You are the Data Analyst Lead (dal). Risk Analyst (ra) reviews.

TASK: Calibrate the scorer against the packaged baseline benchmarks at
src/fcc/data/evaluation/baseline_benchmarks.yaml and the stress set
stress_benchmarks.yaml.

Produce:
1. A 5-row table: benchmark name, expected score band, rationale.
2. Thresholds for PASS/WARN/FAIL used by CI.
3. A note on cross-dimension interactions (e.g., improving Coverage
   but degrading Latency).

CONSTRAINTS:
- Do not modify the baseline YAMLs; add config in a separate file.
- Respect ci_benchmark_config.yaml structure for CI wiring.

Deliverable: a YAML snippet for the new config plus the 5-row table.

Expected output notes.
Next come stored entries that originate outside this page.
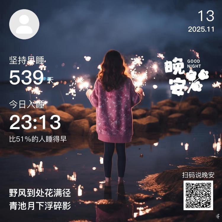 晚安,你已连续晚安打卡539天。不辜负自己,不将就生活,你的存在,配得上世间所有的美好!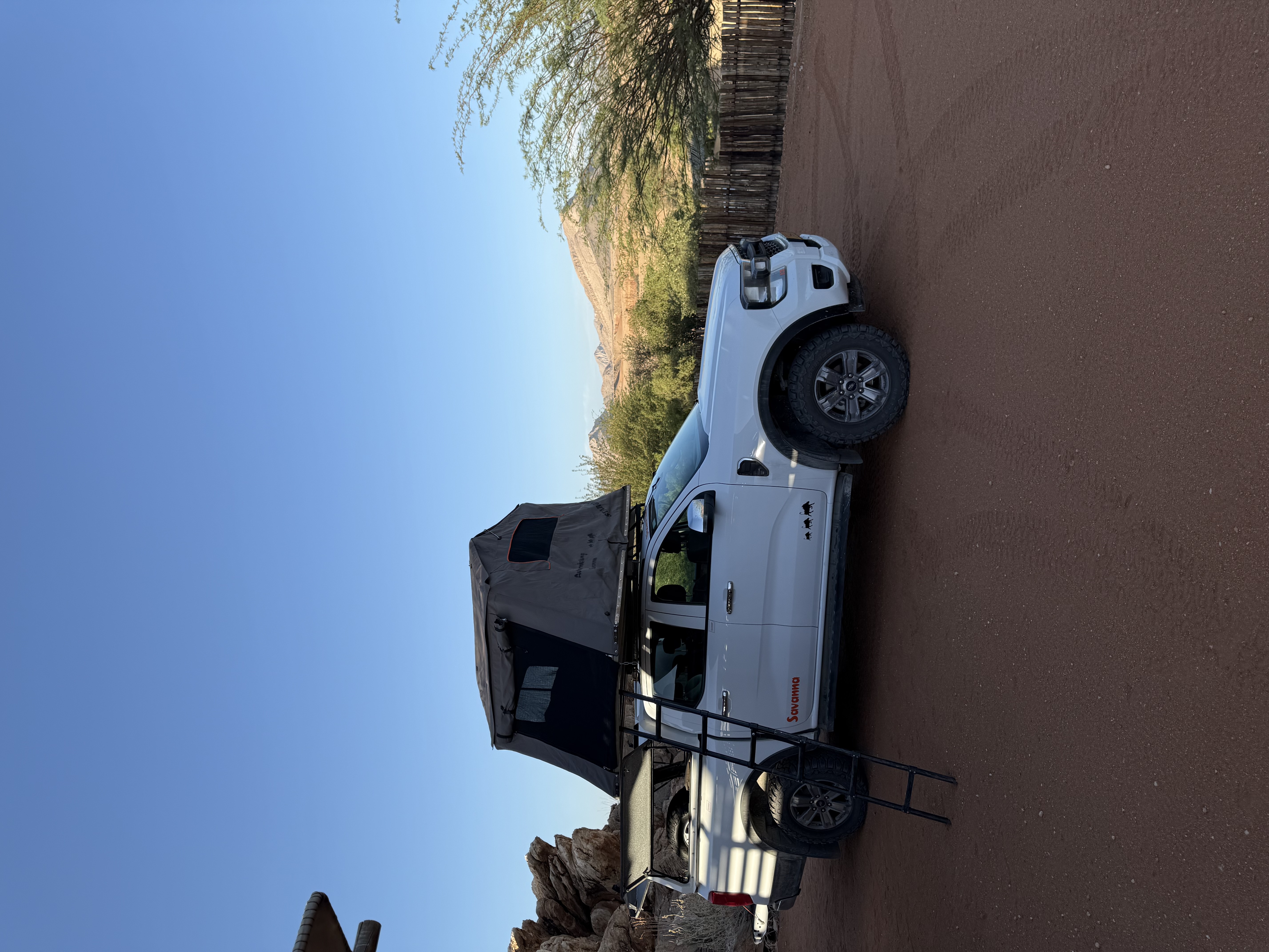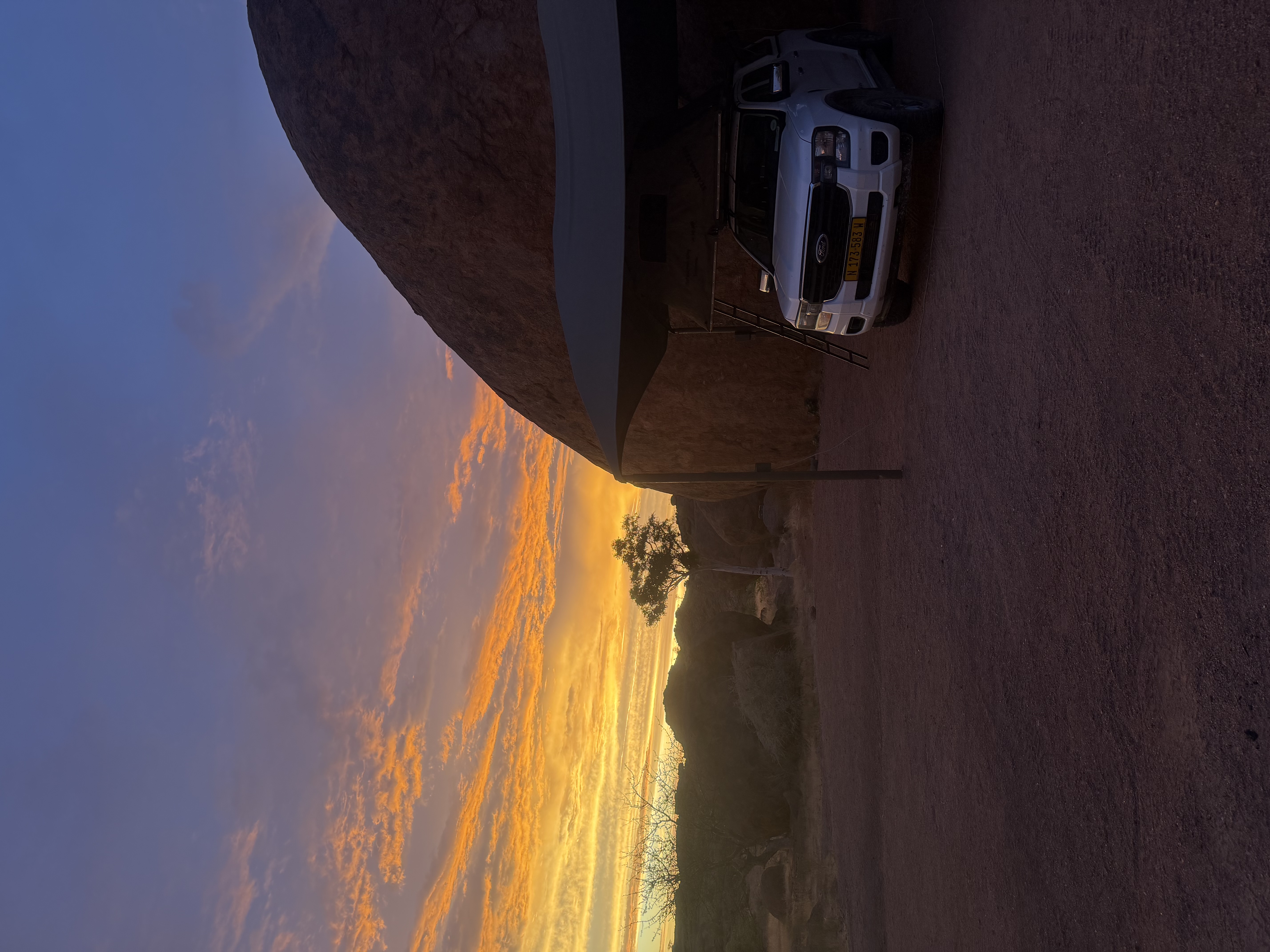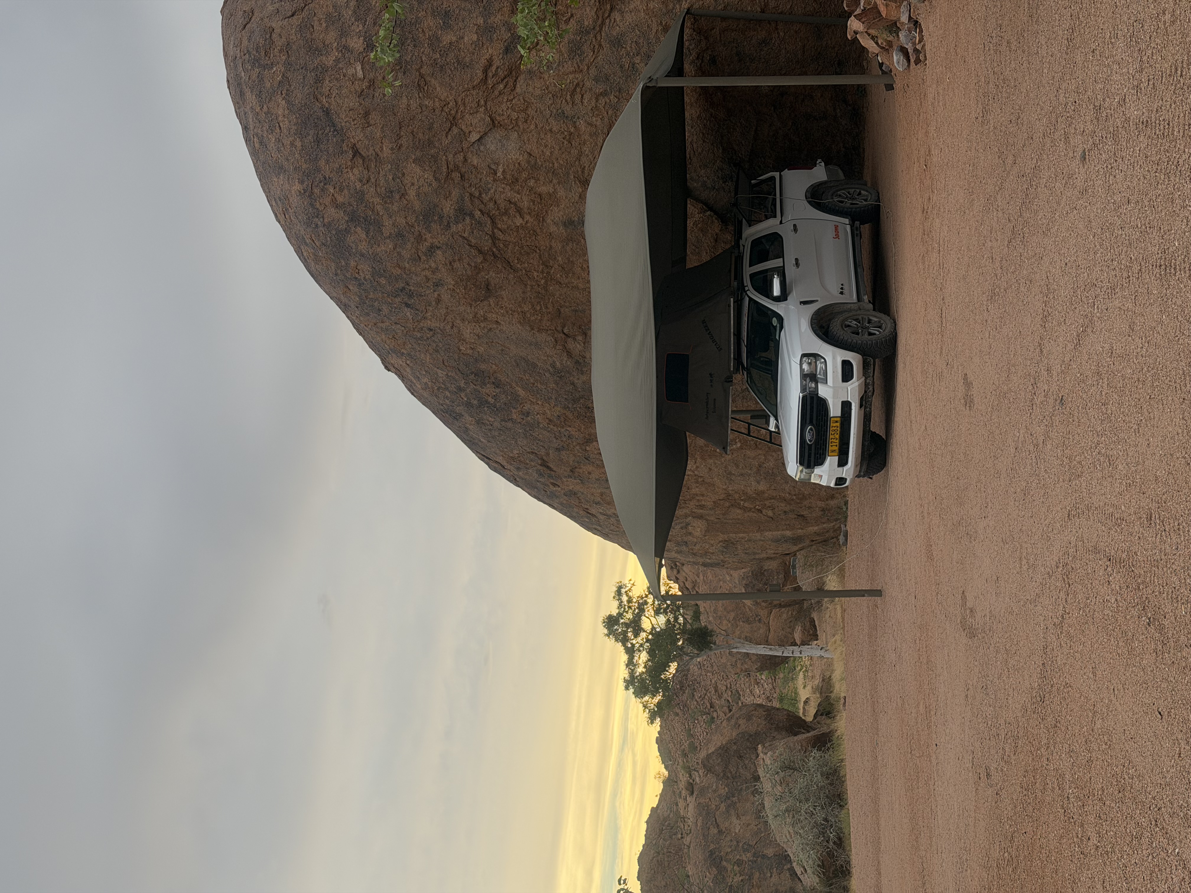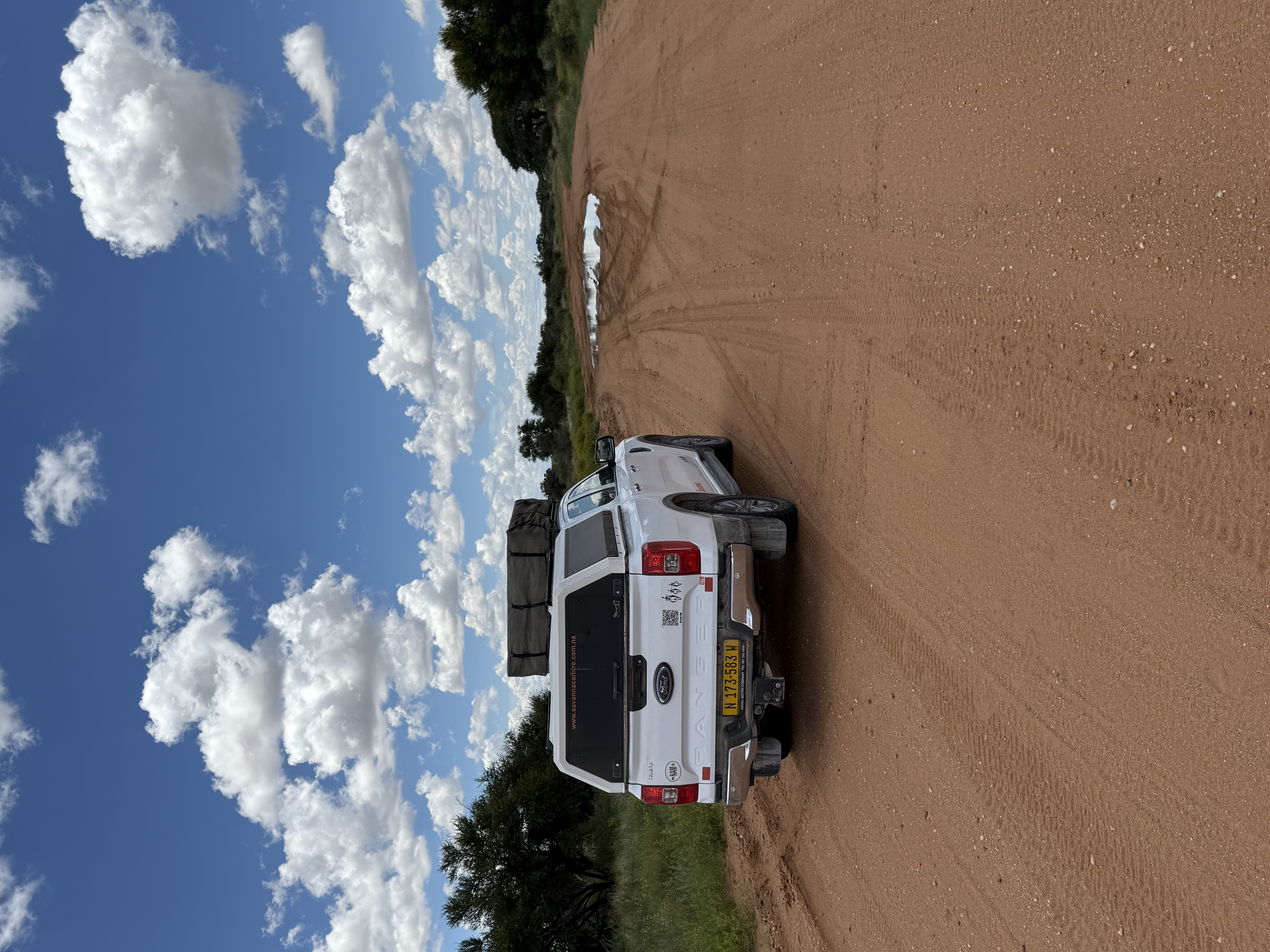 Pentru a ne deplasa noi am optat pentru o mașină 4x4, un Ford Ranger, cu cort pe plafon. Noi am ales să închiriem de la Savanna Car, pe care îi recomand. Experiența avută cu ei a fost una foarte bună, și poți alege să nu lași garanție dacă optezi pentru asigurările extra. Costul mașinii ne-a ajuns undeva la 100 de euro pe zi, cu toate asigurările posibile. De ce e bine să le ai? Asta am aflat în ultima zi când după 2500 km parcurși fără incidente, la 30 de km de capitală ne-a sărit o pietricică de la mașina ce trecea pe sensul opus și a ciobit parbrizul. Această daună e la ei acoperită doar de o asigurare extra. La fel și în cazul cauciucurilor, penele sunt ceva destul de frecvent, așa că primești de la ei două rezerve. Noi am scăpat fără, dar probabil am avut noroc. Ce e bine de știut, chiar și cu asigurări extra, tot nu ai acoperire pentru accidentele cu animale, sau cele în care e doar mașina ta implicată. Preluarea mașinii e și ea o experiență în sine, durând cam o oră jumătate, timp în care primești informațiile necesare, legate de cort, mașină, numere de urgență și multe altele. Obosiți de la zbor și zăpăciți de multitudinea de informații am pornit la drum. În Namibia se conduce pe partea "greșită" a drumului…deci să incepem acomodarea!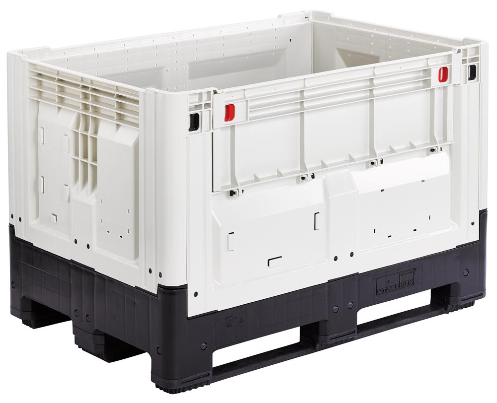 · Aus recyclebarem Polyethylen · Inklusive Entnahmeklappe an einer Längsseite · Ideal für eine ökonomische und zuverlässige Lagerung in der Industrie, dem Handel oder der Landwirtschaft · Einfaches Aufrichten und Zusammenklappen für eine Verbesserung der Betriebsabläufe Zusammenklappen der Wände ermöglicht je nach Höhe einen Raumgewinn von 1:2 oder 1:3 · Passgenaue Stapelung möglich · Farbe schwarz/elfenbein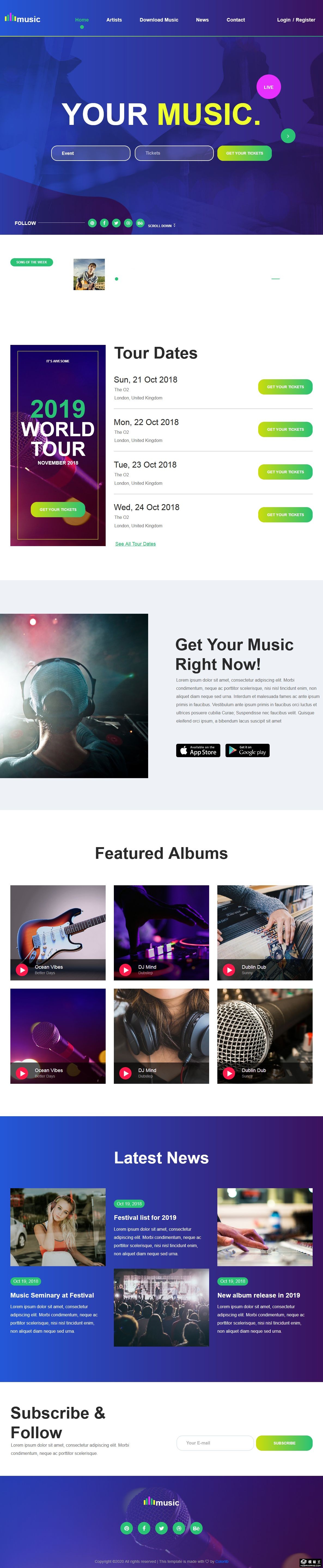 在线音乐发布响应式网站模板。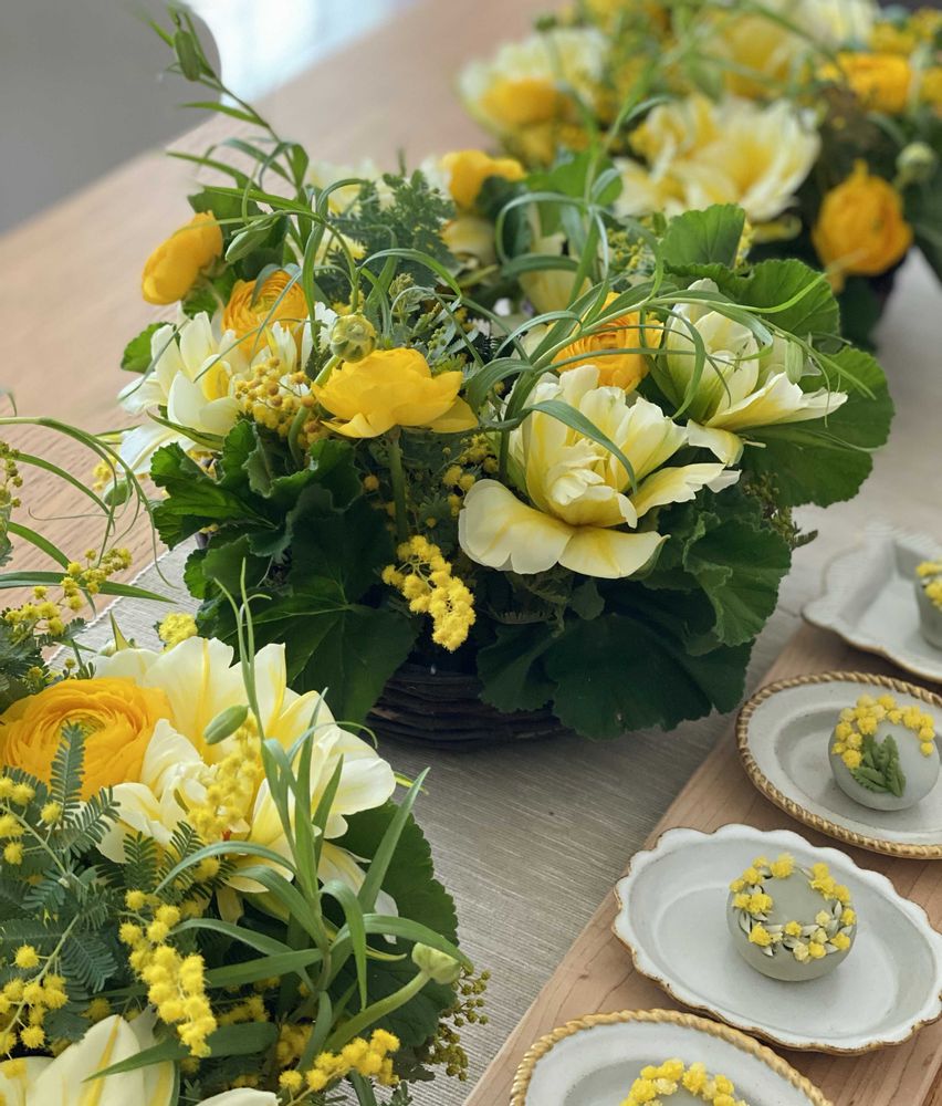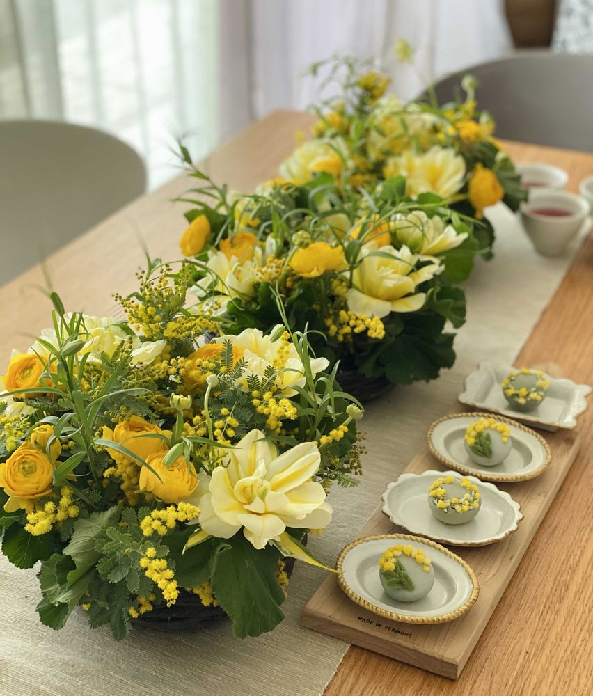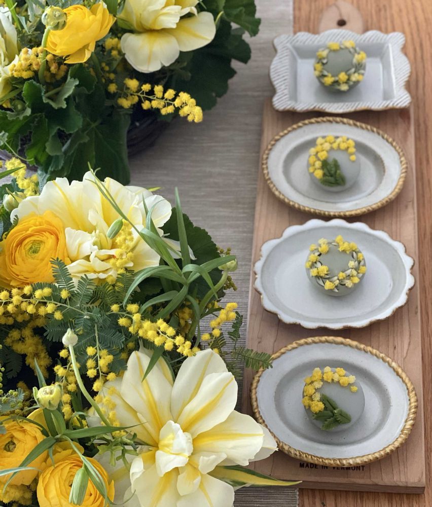 ミモザが入るだけでアレンジメントも練り切りも一気に春色💛可愛いですよね。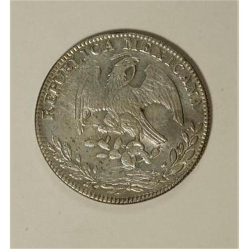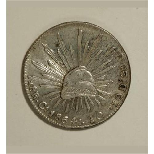 <B>Republic Cap and Rays 8 Reales 1864 Ca-JC,</B></I> KM377.2, lustrous, Choice AU. Scarce. <BR><BR><b>Shipping:</b> Coins & Currency (<a target="_blank" href="http://www.heritageauctions.com/common/shipping.php">view shipping information</a>)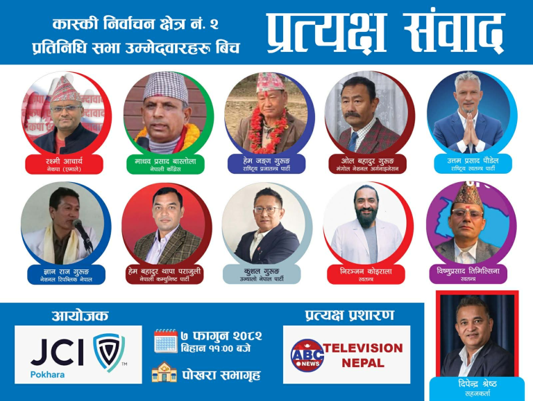 पोखरा, ६ फागुन । जेसीआई पोखरा (पोखरा जेसीज) द्वारा आयोजना हुन लागेको ‘ककस प्रोग्राम–२०२६’ को एबिसी टेलिभिजनले प्रत्यक्ष प्रसारण गर्ने भएको छ ।
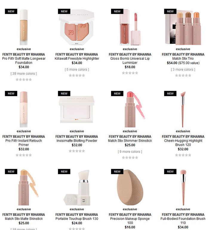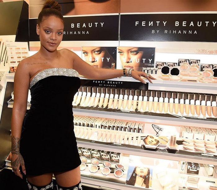 La cantante Rihanna acaba de lanzar una línea de maquillaje a la cual ha llamado Fenty Beauty. Fenty es su apellido paterno. Esta línea puede ser adquirida en fentybeauty.com o en sephora.com y a juzgar por los productos, no parecen ser nada del otro mundo, pero tienen una elegante presentación y al ser ella la representante, se convierte en novedad e inevitablemente deben subir los precios de los productos para evitar ser vendidos en drugstores, aunque creo que es un error, mucha gente tiende a comprar productos de belleza en drugstores por lo conveniente que son y las marcas que venden maquillaje de lugares como CVS, Rite Aid y Walgreens, resultan ser de muy buena calidad.
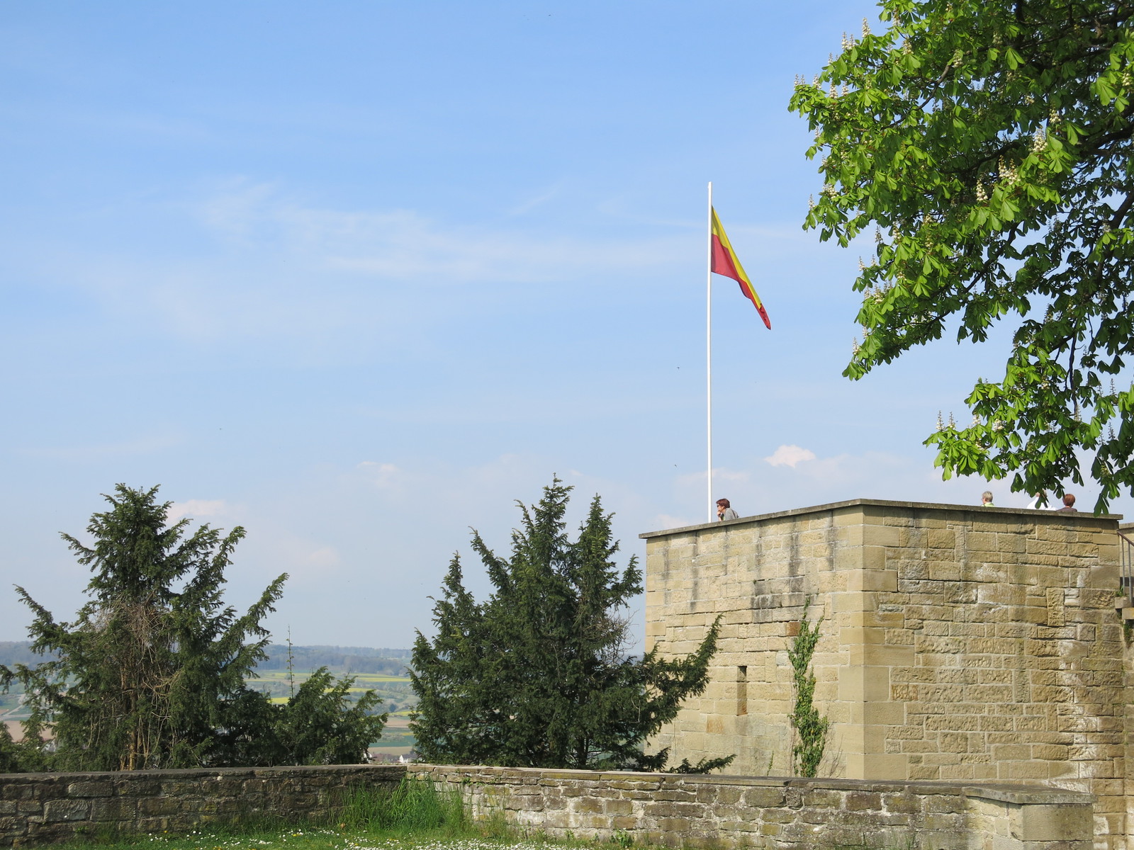 Not far from Herrenberg we arrived at the Herrenberg Waldseilgarten which is a kind of high rope course. Up to here it was a very nice path. The next kilometers were more or less in the forest. The last two kilometers before we arrived at Hohenentringen Castle were quite nice again. From here we had a very nice view down to the valley. The Hohenentringen Castle was a very nice place where we had something to drink and a piece of apple pie. After about 20km walking we really enjoyed sitting in the sun. After a long break we walked down to Unterjesingen from where we took the Ammertalbahn back to Herrenberg.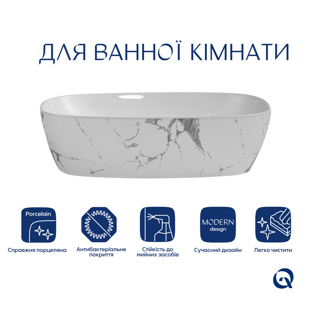 Опис Раковина накладна Robin 500х380х140 мм, Marble, прямокутна, з донним клапаном QT04116302MR Qtap

Baselines unchanged, YAML follows existing structure, 5 rows.


5. Test the Scorer

Personas/subsystems invoked. tr. R.I.S.C.E.A.R. slot: Expected Output.

You are the Technical Reviewer (tr).

TASK: Produce pytest tests at tests/plugins/test_<scorer_name>.py.

Cases:
1. Score is deterministic for a fixed BenchmarkResult.
2. Score monotonic w.r.t. the defined axis (construct two results
   where only one variable differs).
3. Score is bounded within the stated value range.
4. Integration: BenchmarkRunner picks up the plugin via the plugin
   registry.

CONSTRAINTS:
- pytest fixtures.
- >= 98% line and >= 80% branch coverage.
- No AI provider calls; use the mock provider.

Deliverable: pytest file body, 80 to 150 lines.

Expected output notes. 4 cases; monotonicity test present; mock provider only.


6. Ship with CI Integration

Personas/subsystems invoked. sre, ra. R.I.S.C.E.A.R. slot: Role Adoption Checklist.

You are the Site Reliability Engineer (sre). Risk Analyst (ra) reviews.

TASK: Produce the CI + governance bundle:
1. Update to .github/workflows for the CI benchmark job to include the
   new scorer (summary, not full YAML).
2. CHANGELOG entry (MINOR).
3. Model-card appendix describing the new sub-metric (2 paragraphs).
4. ConstitutionRegistry entry at the preferred tier.
5. A 6-item Role Adoption Checklist.

CONSTRAINTS:
- CI must remain green with default configuration (new scorer
  optional).
- Do not raise existing CLEAR+ thresholds.

Deliverable: Markdown with 5 sections, total 300 to 500 words.

Expected output notes. CI stays green by default; MINOR bump; 6-item checklist present.